35 Years of Neural Networks

My hope is that this post serves as a ‘getting us up to now’ primer on the technology behind AI and neural networks (terms that I use interchangeably). I’ve approached this from the perspective of someone who was familiar with primitive neural networks from long ago but hasn’t followed the new developments in the field closely until recently. Future posts will explore modern developments in AI more deeply, assuming some of the background covered here.

Ancient History

I was very interested in neural networks when they significantly entered the public eye in the late 80’s and early 90’s. In those days, the available computing power only made it feasible to train neural networks that are laughably tiny by today’s standards. I remember that a friend and I back then trained a neural network to predict the outcome of NFL football games using the stats from past games. I don’t remember the details, but that neural network probably had something like 10 neurons total. It learned that the most important stat for predicting football success was turnovers. Which is true enough but not exactly a groundbreaking result.

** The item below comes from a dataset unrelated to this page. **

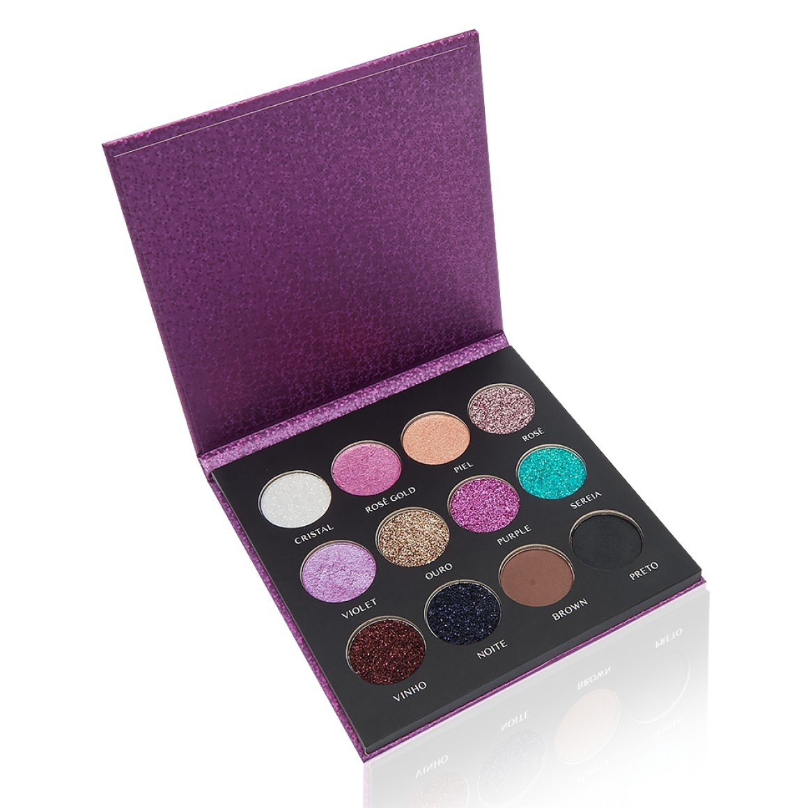 Contém: Box com 12 paletas sendo 12 Sombras de efeito com textura e acabamentos diferentes: glitter, mousse e cintilantes

Circa 1991 I got a grant of time on a Cray Y-MP supercomputer. I trained neural networks that had a total of 15 neurons to solve a pattern recognition problem as part of my Ph.D. thesis research. My thesis compared this neural network technique with other more conventional techniques, and it turned out that even this rudimentary neural network performed admirably by comparison.

In those days, the AI and the neural networks fields were different. Most AI research was pursuing approaches other than neural networks in areas like natural language, vision, pattern recognition, and knowledge representation. Neural networks were an interesting sideshow because they were based on how actual neurons in brains worked, but cutting-edge neural networks back then didn’t seem nearly as capable as other approaches to AI. It seemed like rule-based approaches like Cyc held more promise - they just had to be given the proper set of rules that codified knowledge and common sense. But progress in AI was slow, giving rise to the old “AI is 10 years away and always will be” saying. Meanwhile, thanks to steady increases in computing power, larger and larger neural networks could be created and trained with each passing year.

Breakthroughs

Around 2012, several things converged to allow neural networks to break out and come to the forefront:

Steady increases in computing power, and GPUs (developed to enable graphics-intensive computer games) were used to greatly speed up training neural networks.
Advances in neural network architecture resulted in Convolutional Neural Networks (CNNs) that involved layers specialized for image processing.
Quality training data sets such as ImageNet were created. AlexNet was a breakthrough CNN trained on the ImageNet data set using Nvidia GPUs, and it took the AI world by storm by achieving impressive success rates in standardized image recognition challenges. AlexNet contained 650 thousand neurons and 60 million connection weights, which is obviously a far cry from the 15 or so neurons that I used back in the day.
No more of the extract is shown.